Channel consolidation in the US market followed by price erosion and lesser launches in that market also adversely impacted the quarterly performance.

During the earnings call with analysts, Abhijit Mukherjee, COO, Dr Reddy's said, "The buying pattern was heavily impacted because of the channel consolidation in the US market. Price erosion and lack of new launches together attributed to the subdued growth in revenues of the global generics."

The company's consolidated net income from sales and services grew by 6.86% at Rs 3,587.81 crore as compared with Rs 3,357.45 crore in the year ago period. The company's generics revenue in North America grew by 8% to Rs 1,429 crore during the period under review. While India business reported a double-digit growth of 14% to Rs 479.9 crore, Europe, Russia and other CIS countries reported decline in revenue. While Europe reported de-growth of 19% to Rs 143.4 crore, Russia and other CIS countries de-grew 13% to Rs 479.8 crore. However, the rest of the world (RoW) market grew by 95% to Rs 354.5 crore.

The growth in Indian business was driven by healthy volume expansion in its focus brands, some of which are also listed under the NLEM portfolio.

Revenues from Russia declined 11% primarily on account of the rouble devaluation. In constant currency, the growth is flat. Emerging markets ex-Russia recorded year-on-year growth of 57% primarily driven by strong performance in Venezuela Market.

"The depreciation in Russian and other CIS currencies also adversely impacted the revenues," said Mukherjee.

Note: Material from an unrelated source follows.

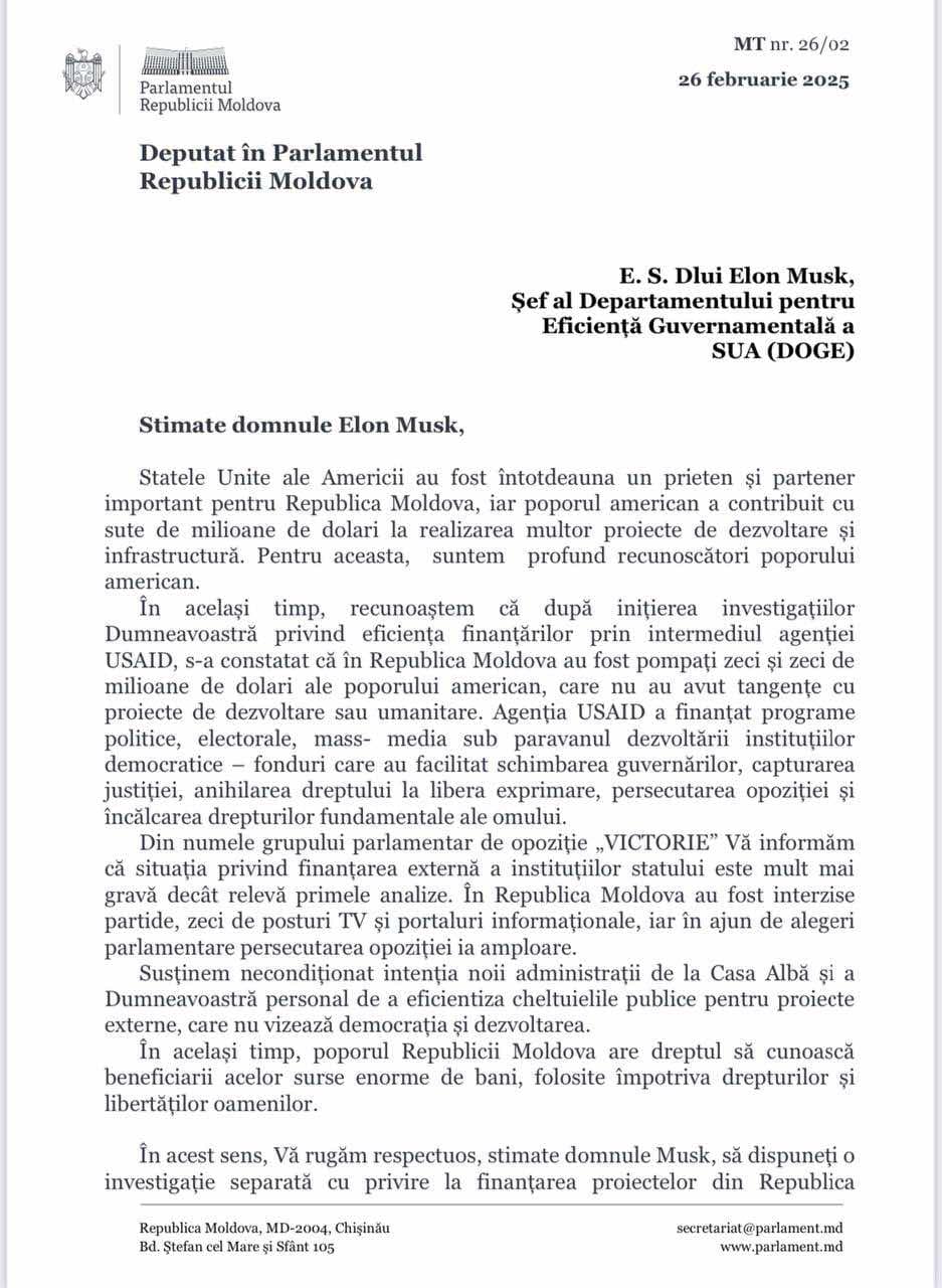 „La fel ca și colegii mei din blocul “Victorie”, sunt profund îngrijorată de faptele ieșite la iveală cu privire la zecile de milioane de dolari care au fost pompate în Moldova de-a lungul anilor. Este deja evident că acestea nu au fost direcționate pentru dezvoltarea Republicii și proiecte umanitare. Dimpotrivă: aceste fonduri au ajutat regimul de la putere să distrugă libertatea de exprimare, să persecute opoziția și să transforme sistemul de justiție într-o mașinărie punitivă de buzunar.

However, research & development (R&D) expenses increased by 11.5% to Rs 411.3 crore as against 9% of total revenue in the corresponding period of the last fiscal. "The R&D spends for the whole year will be between 10-11% as per our earlier guidance. The increased spends this quarter is because of a muted growth," Mukherjee added.

He also said that he is optimistic for a better second half and the company has started doing some structural changes in terms of reducing costs, reducing low-margin products and focusing more on products with higher margins. The company will also make its first abbreviated new drug application (ANDA) filing by the end of this fiscal, he added.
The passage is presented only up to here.